Penggunaan rutin medikasi antiansietas untuk mengatasi ansietas pada seseorang dengan nyeri dapat membuat individu tersebut tidak melaporkan nyeri karena sedasi yang berlebihan dapat merusak kemampuan pasien untuk melakukan napas dalam, turun dari tempat tidur, dan kerjasama dengan rencana pemulihan. Sehingga, cara yang lebih efektif untuk menghilangkan nyeri adalah dengan mengarahkan pengobatan pada nyeri ketimbang ansietas.
3. Budaya
Budaya dan etnik mempunyai pengaruh pada bagaimana seseorang berespons terhadap nyeri, namun tidak mempengaruhi persepsi nyeri (Zatzick & Dimsdale, 1990 dalam Smeltzer & Bare, 2001).
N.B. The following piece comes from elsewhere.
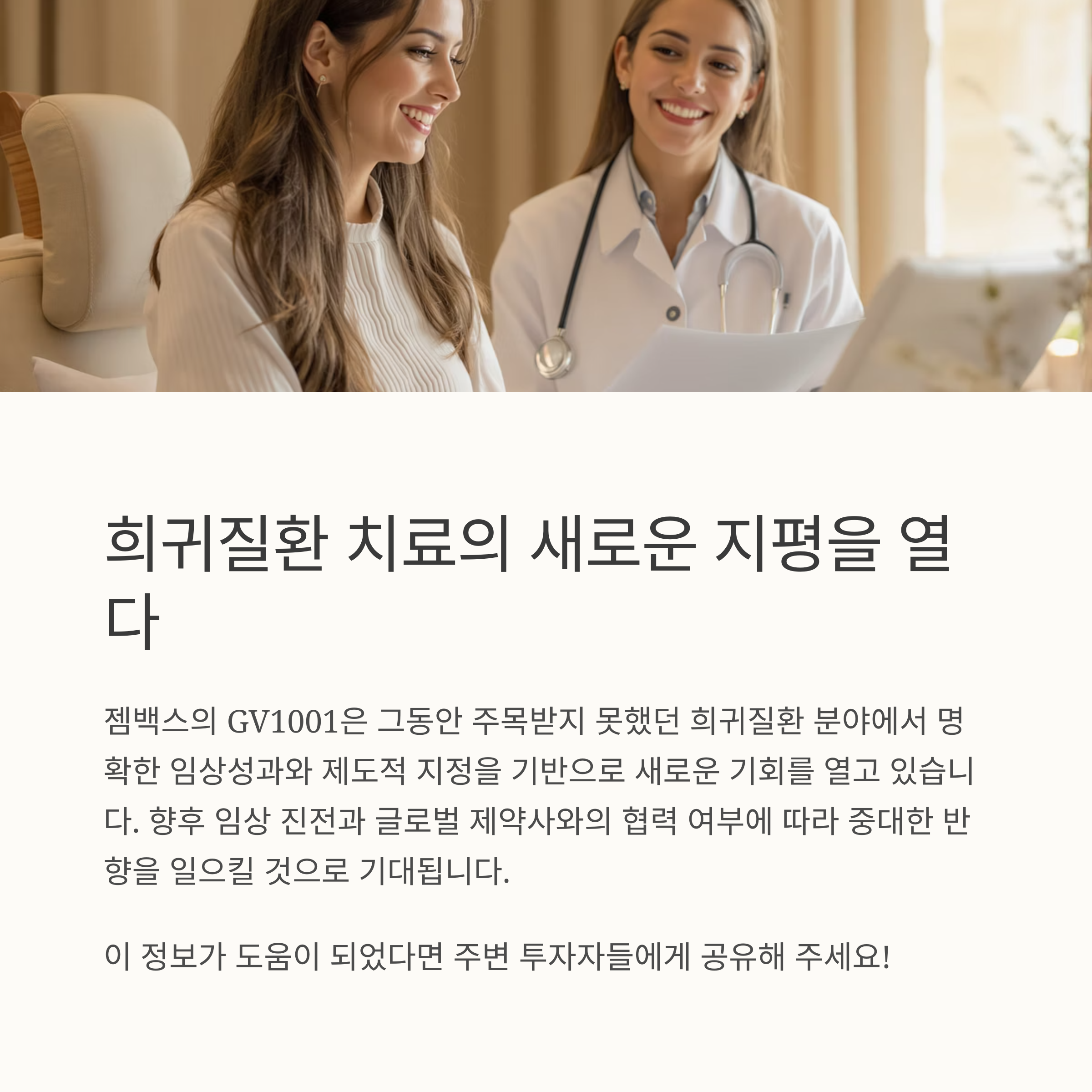 젬백스의 GV1001은 그동안 주목받지 못했던 희귀질환 분야에서 명확한 임상성과와 제도적 지정을 기반으로 새로운 기회를 열고 있습니다.

Harapan budaya tentang nyeri yang individu pelajari sepanjang hidupnya jarang dipengaruhi oleh pemajanan terhadap dengan nilai-nilai yang berlawanan dengan budaya lainnya. Akibatnya, individu yakin bahwa persepsi dan reaksi mereka terhadap nyeri adalah normal dapat diterima.
4. Usia
Cara lansia berespons terhadap nyeri dapat berbeda dengan cara berespons orang yang berusia lebih muda. Persepsi nyeri pada lansia mungkin berkurang sebagai akibat perubahan patologis berkaitan dengan beberapa penyakit.
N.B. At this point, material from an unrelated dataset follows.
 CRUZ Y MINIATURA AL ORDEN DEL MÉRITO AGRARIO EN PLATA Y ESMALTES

Lansia cenderung untuk mengabaikan nyeri dan menahan nyeri yang berat dalam waktu yang lama sebelum melaporkannya atau mencari perawatan kesehatan. Lansia mengatasi nyeri sesuai dengan gaya hidup, kepribadian dan latar belakang budaya mereka. Namun demikian, penilaian tentang nyeri dan keadekuatan pengobatan harus didasarkan pada laporan nyeri pasien dan pereda ketimbang didasarkan pada faktor usia.
5. Efek Plasebo
Harapan positif pasien tentang pengobatan dapat meningkatkan keefektifan medikasi atau intervensi lainnya. Individu yang diberitahu bahwa suatu medikasi diperkirakan dapat meredakan nyeri hampir pasti akan mengalami peredaan nyeri dibanding dengan pasien yang diberitahu bahwa medikasi yang didapatnya tidak mempunyai efek apapun. Hubungan pasien-perawat yang positif dapat juga menjadi peran yang amat penting dalam meningkatkan efek plasebo.
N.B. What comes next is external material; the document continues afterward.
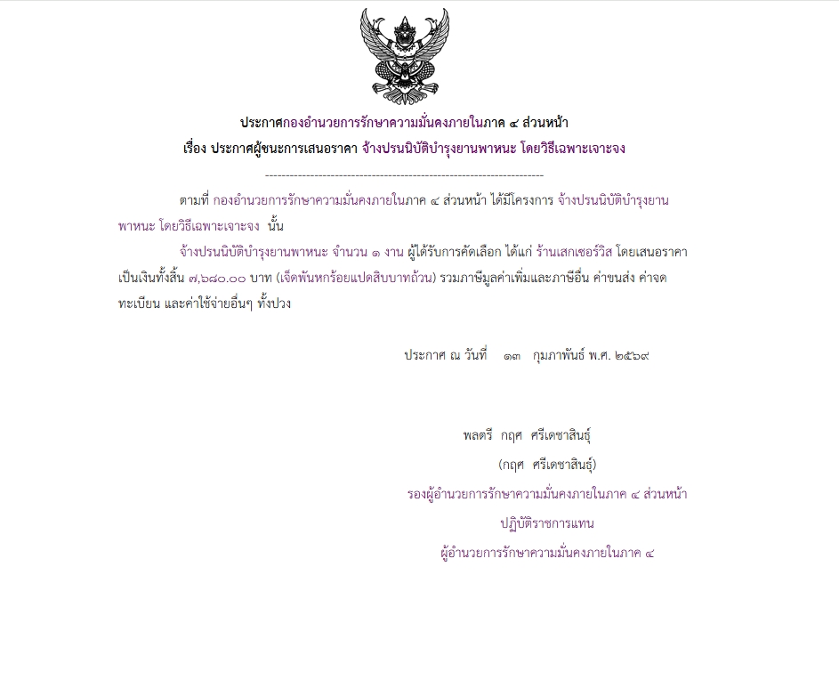 จัดซื้อ จัดจ้างประกาศผู้ชนะการเสนอราคา ประกาศผู้ชนะการเสนอราคาจ้างปรนนิบัติบำรุงยานพาหนะ โดยวิธีเฉพาะเจาะจง March 4, 2026 12 Share Facebook Twitter Google+ Telegram LINE ประกาศผู้ชนะการเสนอราคาจ้างปรนนิบัติบำรุงยานพาหนะ โดยวิธีเฉพาะเจาะจง

D. Pengkajian Nyeri Pasien
Penatalaksanaan nyeri memerlukan penilaian dan usaha cermat untuk memahami pengalaman nyeri pasien dan mengidentifikasi kausa sehingga kausa tersebut dapat dihilangkan, apabila mungkin (Price & Wilson, 2005). Pasien dapat menunjukkan lokasi nyerinya, serta perlu diketahui nyerinya bersifat superfisial atau dalam. Perawat perlu menanyakan awitan nyeri, pola, serta faktor-faktor yang memperparah dan mengurangi nyeri pasien.
Perilaku nonverbal seperti wajah meringis, menangis, ayunan langkah atau postur abnormal, ketegangan otot, dan tindakan melindungi bagian yang nyeri merupakan indikator nyeri yang sering dijumpai di klinis. Akhirnya, perawat perlu melakukan inspeksi dan palpasi daerah yang nyeri untuk menguji kisaran gerakan dari sendi yang terkena, menentukan adanya defans muskulorum, dan mengidentifikasi pemicu titik nyeri dan daerah yang sensasinya menurun atau meningkat.
Ada beberapa instrument yang dapat digunakan untuk menilai nyeri individu unidimensional, yaitu Verbal Rating Scale (skala nyeri verbal), Numeric Rating Scale (skala nyeri numerik) dan Face Pain Scale-Revised (skala nyeri wajah). Skala nyeri verbal menggunakan kata-kata dan bukan angka atau garis untuk menggambarkan tingkat nyeri individu. Skala yang digunakan dapat berupa tidak ada nyeri, sedang, atau parah. Hilang atau redanya nyeri dapat dinyatakan sebagai sama sekali tidak hilang, sedikit berkurang, cukup berkurang, dan nyeri hilang sama sekali.